Global instability drives markets lower
While most global markets closed lower on Friday, the falls were not significant particularly relative to the volatility and uncertainty that prevails in a number of regions.
The outcome of the French elections remains very much in the balance, and terror attacks in that region have also had a destabilising impact.
Military tensions have escalated between North Korea and the Western world, and not surprisingly the CBOE Volatility Index (VIX) continues to hover in the vicinity of 15, up from a range between 11 and 12 for most of March.
The Dow fell 30 points or 0.15% to close at 20,547 points. The NASDAQ closed 0.1% lower at 5910 points.
Arguably, these declines could have been worse as the Dow hit a low of circa 20,500 points early in the session, but gained a boost from commentary from President Trump regarding tax reform.
In the UK the FTSE 100 was relatively unmoved on 7114 points. The DAX gained 0.2% to close at 12,048 points.
The Paris CAC 40 slumped to 0.4% to 5059 points, but the main focus will be on the response to the first round of elections which occurred over the weekend.
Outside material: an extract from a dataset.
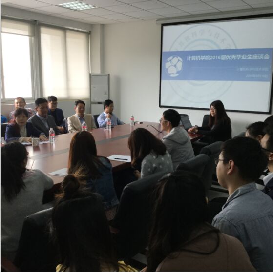 5月10日上午,beat365体育官网在行政楼二楼会议室举行了2016届优秀毕业生座谈会。院长雷景生、院党委书记费敏、院党委副书记王佳丽、信息安全系主任周林、beat365体育官网平台二支部书记刘大明、计算机系副主任张超、辅导员刘佳以及beat365体育官网优秀毕业生代表参加了本次座谈会。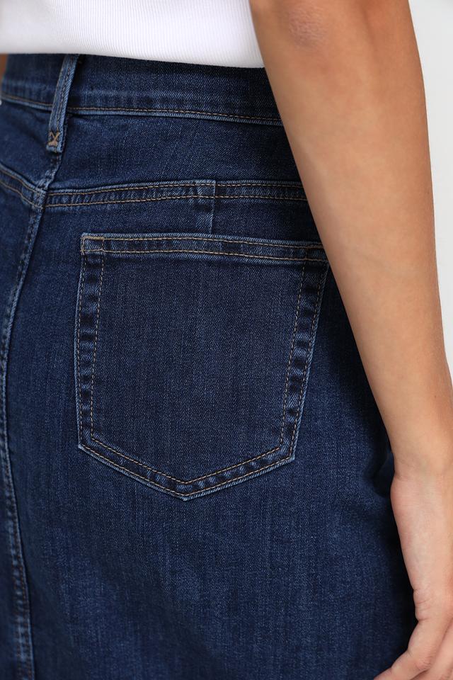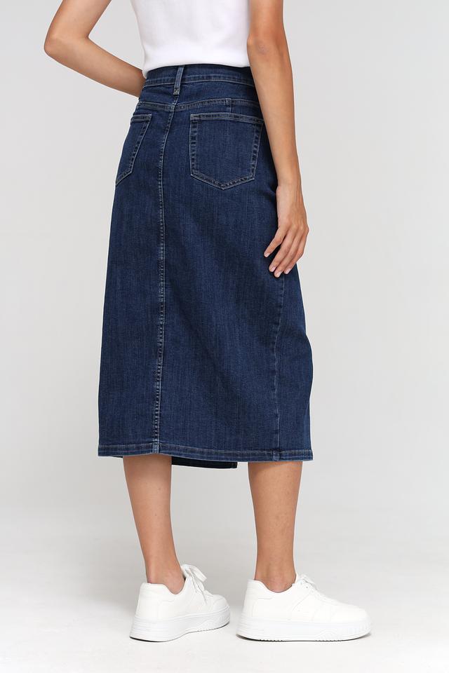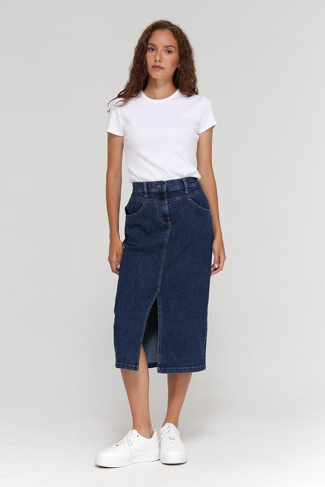 Юбка имеет классический синий цвет и прямую форму. Застежка на молнию и пуговицу. На передней части юбки расположены функциональные карманы. Сзади – накладной карман.

On the commodities front, gold seems to have found a level of support in the vicinity of US$1280 per ounce, and closed the week out at US$1286 per ounce.
Oil shed another 2% to slip below US$50 per barrel with some analysts indicating there is more downside to come as crude production increases.
Base metals mainly traded lower, although declines were relatively moderate. Copper was flat at circa US$2.53 per pound, and Nickel came off more than 1% to close at US$4.22 per pound.
Zinc closed off the week at US$1.16 per pound after falling 1.5% on Friday following some strong mid-week gains. Iron ore finally found some positive momentum to close at US$68.22 per tonne.
Meanwhile, the Australian dollar is fetching US$0.754.